The keys of this dictionary are 'boxes' and 'labels'.

Filtering images by category#

As mentioned before, in the single-object localization setting, you want to filter the Pascal VOC dataset to include only images that contain at most one instance of a chosen category. For example, if your category is “cat”, you want to include images with no cats or exactly one cat, but you exclude images with multiple cats. To do this, you iterate through the entire VOCDetection dataset and check the annotations of each image. If an image contains zero or one object of the chosen category, you add its index to a list.

To make the process more efficient, instead of loading every image and its annotations through the __getitem__ method of the dataset, you can directly read the Pascal VOC XML annotation files. Each image has a corresponding XML file that lists all objects and their labels.
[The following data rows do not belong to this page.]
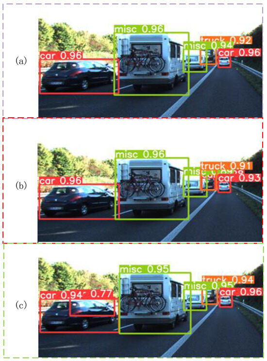 Figure 8 shows the results of the different algorithms tested on the KITTI dataset. Specifically, Figure 8a shows the detection results of YOLOv5, Figure 8b shows the Improved detection effect of YOLOv5, and Figure 8c shows the results achieved by the proposed algorithm in this paper. Through comparative analysis, we can clearly observe that no matter YOLOv5 or Improved YOLOv5, there are cases of missing or wrong detection. In contrast, our algorithm demonstrated greater accuracy in detecting vehicles. Meanwhile, it can be seen that the detection accuracy of TCE-YOLOv5 is lower than that of YOLOv5 and Improved YOLOv5 for large targets, but the detection accuracy of TCE-YOLOv5 is higher than that of YOLOv5 and Improved YOLOv5 for medium targets and small targets. This is consistent with the previous theoretical analysis and the conclusions in Table 1.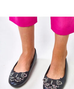 Ballerina’s met een decoratieve vlinder met zirkonia’s zijn een charmant en elegant model dat een subtiele glans toevoegt aan elke outfit. Gemaakt van hoogwaardig ecologisch leer, combineren ze draagcomfort met een tijdloze stijl. De ronde neus zorgt voor comfort, terwijl de platte hak stabiliteit biedt tijdens het lopen. Een bijzonder accent is de decoratieve vlinder met zirkonia’s, die subtiel de vrouwelijke aard van de schoenen benadrukt. De inlegzool van ecologisch leer verhoogt het draagcomfort, waardoor de ballerina’s zowel in alledaagse als meer elegante outfits kunnen worden gedragen.
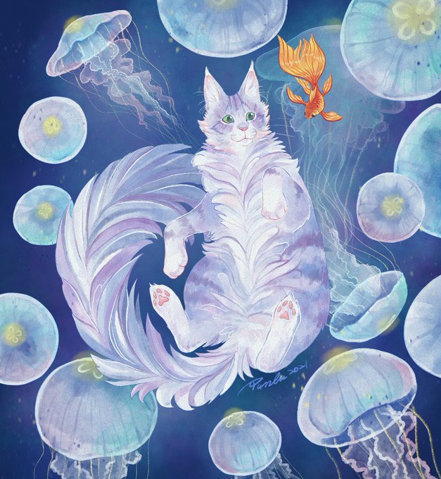 接受 medibang.com/picture/7a2208… #ARTstreet #MediBang #oc #動物 #水 #2022年8月主題:原創角色 #貓 #海蜇 #金魚

The function below shows how to parse an XML file for a given sample index in the VOCDetection dataset.

Hide code cell source
from torchvision.datasets import VOCDetection
from xml.etree.ElementTree import parse as ET_parse


def read_annotation(voc: VOCDetection, idx: int) -> dict:
    """
    Reads the annotation file for a given sample index in the VOCDetection dataset.
    """
    file = voc.annotations[idx]
    root = ET_parse(file).getroot()
    return VOCDetection.parse_voc_xml(root)

Final notes#

The FilteredVOCDetection dataset provides a controlled environment for single-object localization, allowing you to focus on designing and evaluating your first localization model. In later stages, when working on multi-object localization, you will use the full Pascal VOC dataset instead.